- STORED DATA
....

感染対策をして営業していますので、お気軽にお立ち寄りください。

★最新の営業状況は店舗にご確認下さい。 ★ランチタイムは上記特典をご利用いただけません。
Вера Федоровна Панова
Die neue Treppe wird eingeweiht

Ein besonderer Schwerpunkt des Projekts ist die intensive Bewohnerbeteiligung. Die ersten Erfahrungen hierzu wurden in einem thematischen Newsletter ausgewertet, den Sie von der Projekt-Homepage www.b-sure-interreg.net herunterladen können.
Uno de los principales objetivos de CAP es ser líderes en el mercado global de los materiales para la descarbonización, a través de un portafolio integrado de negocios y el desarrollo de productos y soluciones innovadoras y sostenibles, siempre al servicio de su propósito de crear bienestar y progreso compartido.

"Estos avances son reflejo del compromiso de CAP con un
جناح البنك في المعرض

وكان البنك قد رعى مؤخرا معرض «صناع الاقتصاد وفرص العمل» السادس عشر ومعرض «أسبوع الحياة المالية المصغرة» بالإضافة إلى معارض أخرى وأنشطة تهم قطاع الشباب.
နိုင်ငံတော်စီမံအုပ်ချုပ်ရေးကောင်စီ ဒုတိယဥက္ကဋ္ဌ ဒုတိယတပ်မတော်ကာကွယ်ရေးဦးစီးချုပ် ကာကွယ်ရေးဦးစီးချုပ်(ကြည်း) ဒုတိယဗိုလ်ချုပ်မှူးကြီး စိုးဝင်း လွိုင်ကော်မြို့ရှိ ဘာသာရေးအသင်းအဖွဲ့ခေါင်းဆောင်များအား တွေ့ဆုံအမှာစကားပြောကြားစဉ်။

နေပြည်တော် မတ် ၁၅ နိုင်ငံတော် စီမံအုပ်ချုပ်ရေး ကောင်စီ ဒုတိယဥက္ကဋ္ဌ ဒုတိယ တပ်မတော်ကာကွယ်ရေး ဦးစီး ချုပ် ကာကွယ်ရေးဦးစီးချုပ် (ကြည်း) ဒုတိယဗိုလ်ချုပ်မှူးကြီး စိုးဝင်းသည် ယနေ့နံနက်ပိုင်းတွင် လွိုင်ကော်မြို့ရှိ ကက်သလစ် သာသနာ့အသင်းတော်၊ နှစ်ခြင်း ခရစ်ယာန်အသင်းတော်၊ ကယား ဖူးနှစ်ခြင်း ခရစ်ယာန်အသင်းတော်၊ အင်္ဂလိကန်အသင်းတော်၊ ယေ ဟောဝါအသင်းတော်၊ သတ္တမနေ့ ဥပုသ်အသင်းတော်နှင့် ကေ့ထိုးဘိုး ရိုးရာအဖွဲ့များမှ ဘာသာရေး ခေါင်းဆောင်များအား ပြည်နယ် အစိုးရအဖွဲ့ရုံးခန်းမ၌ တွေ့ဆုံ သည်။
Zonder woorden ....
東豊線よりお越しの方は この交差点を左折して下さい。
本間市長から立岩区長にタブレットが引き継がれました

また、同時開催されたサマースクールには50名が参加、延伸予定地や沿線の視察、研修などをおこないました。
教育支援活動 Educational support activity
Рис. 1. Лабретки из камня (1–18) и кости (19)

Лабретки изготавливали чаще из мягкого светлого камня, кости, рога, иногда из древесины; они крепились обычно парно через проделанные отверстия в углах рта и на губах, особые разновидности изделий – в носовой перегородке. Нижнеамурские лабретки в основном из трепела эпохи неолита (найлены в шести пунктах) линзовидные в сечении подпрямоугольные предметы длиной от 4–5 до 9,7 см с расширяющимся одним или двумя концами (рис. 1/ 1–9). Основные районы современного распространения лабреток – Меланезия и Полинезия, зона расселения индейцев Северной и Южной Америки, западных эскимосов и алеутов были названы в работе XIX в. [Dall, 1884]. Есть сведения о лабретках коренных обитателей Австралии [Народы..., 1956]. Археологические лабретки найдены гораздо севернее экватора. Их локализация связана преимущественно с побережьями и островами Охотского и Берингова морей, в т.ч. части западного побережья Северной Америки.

....

- TASK BRIEF
Using the records above, copy word for word the line with "وكان البنك قد", the line with "Рис. 1. Лабретки из камня (1–18) и кости (19)", and every line between them.

- SOLUTION TO THIS EXERCISE
وكان البنك قد رعى مؤخرا معرض «صناع الاقتصاد وفرص العمل» السادس عشر ومعرض «أسبوع الحياة المالية المصغرة» بالإضافة إلى معارض أخرى وأنشطة تهم قطاع الشباب.
နိုင်ငံတော်စီမံအုပ်ချုပ်ရေးကောင်စီ ဒုတိယဥက္ကဋ္ဌ ဒုတိယတပ်မတော်ကာကွယ်ရေးဦးစီးချုပ် ကာကွယ်ရေးဦးစီးချုပ်(ကြည်း) ဒုတိယဗိုလ်ချုပ်မှူးကြီး စိုးဝင်း လွိုင်ကော်မြို့ရှိ ဘာသာရေးအသင်းအဖွဲ့ခေါင်းဆောင်များအား တွေ့ဆုံအမှာစကားပြောကြားစဉ်။

နေပြည်တော် မတ် ၁၅ နိုင်ငံတော် စီမံအုပ်ချုပ်ရေး ကောင်စီ ဒုတိယဥက္ကဋ္ဌ ဒုတိယ တပ်မတော်ကာကွယ်ရေး ဦးစီး ချုပ် ကာကွယ်ရေးဦးစီးချုပ် (ကြည်း) ဒုတိယဗိုလ်ချုပ်မှူးကြီး စိုးဝင်းသည် ယနေ့နံနက်ပိုင်းတွင် လွိုင်ကော်မြို့ရှိ ကက်သလစ် သာသနာ့အသင်းတော်၊ နှစ်ခြင်း ခရစ်ယာန်အသင်းတော်၊ ကယား ဖူးနှစ်ခြင်း ခရစ်ယာန်အသင်းတော်၊ အင်္ဂလိကန်အသင်းတော်၊ ယေ ဟောဝါအသင်းတော်၊ သတ္တမနေ့ ဥပုသ်အသင်းတော်နှင့် ကေ့ထိုးဘိုး ရိုးရာအဖွဲ့များမှ ဘာသာရေး ခေါင်းဆောင်များအား ပြည်နယ် အစိုးရအဖွဲ့ရုံးခန်းမ၌ တွေ့ဆုံ သည်။
Zonder woorden ....
東豊線よりお越しの方は この交差点を左折して下さい。
本間市長から立岩区長にタブレットが引き継がれました

また、同時開催されたサマースクールには50名が参加、延伸予定地や沿線の視察、研修などをおこないました。
教育支援活動 Educational support activity
Рис. 1. Лабретки из камня (1–18) и кости (19)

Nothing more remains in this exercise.